Peak Inflation Expectations? Inflation has been top of mind for Wall Street for some time even before this morning’s CPI report. But the falling yield on the 10-year Treasury yesterday doesn’t seem to make much sense if solely looked at through an inflation lens. “There has been a surge in the number of online searches containing the word ‘inflation,” investment research firm CFRA notes. Despite that worry, the 10-year yield has fallen below 1.5%. CFRA thinks that may be “due to the D.C. gridlock that likely stamped ‘DOA’ atop the $1.7-trillion Biden infrastructure proposal and questions the need for further fiscal assistance.” Briefing.com said yesterday’s marked decline in the 10-year yield signals peak inflation expectations.
Driving Oil Demand: Speaking of inflation, one input—crude oil—offered some interesting action yesterday. The international benchmark settled unchanged after hitting its highest point since May 20, 2019, while the U.S. benchmark settled slightly lower after hitting its highest point since October 2018. The crude oil inventory figure released by the Energy Information Administration showed a draw of more than 5 million barrels. But when you look at the gasoline statistic, it showed a rise of 7 million barrels. That increase came during the week of Memorial Day driving. It’s possible that motorists didn’t take to the road as much as they have in the past because of lingering effects of the pandemic. But as Reuters reported, analysts have been saying that poor weather may have reduced demand after a period of hoarding during the Colonial Pipeline outage. One source told the news agency the lack of demand might foreshadow peak economic activity but that it’s too early to conclude that. For whatever the reason, the lack of gasoline demand seems to have taken the sheen off oil prices, at least for the moment.
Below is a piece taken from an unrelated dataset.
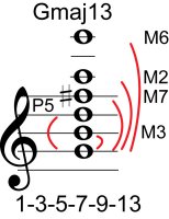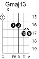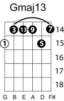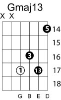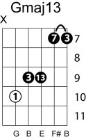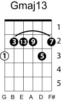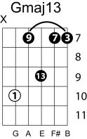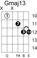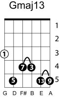 | Symbol: Gmaj13 Alt. symbol: GM13 Name: G major thirteen | ![]() | G-3 | E-3 | C-10 | C-10 |

Raising the Roof: At the moment, it seems that the housing industry is on the forefront of dealing with inflation. Toward the end of last month, the National Association of Home Builders said lumber prices had more than quadrupled since April 2020 to more than $1,500 per thousand board feet, citing the Random Lengths Framing Lumber Composite Index.
“Lumber prices alone are adding nearly $36,000 to the price of a new home, pricing millions of middle-class households out of the market at a level they previously could afford,” the NAHB said. NAHB First Vice Chairman Jerry Konter said a mismatch between domestic production and rising demand for building materials is behind the rise in lumber prices. U.S. sawmill output rose 3.3% in 2020, even as single-family construction increased 12% and the remodelling market grew by 7%, he said.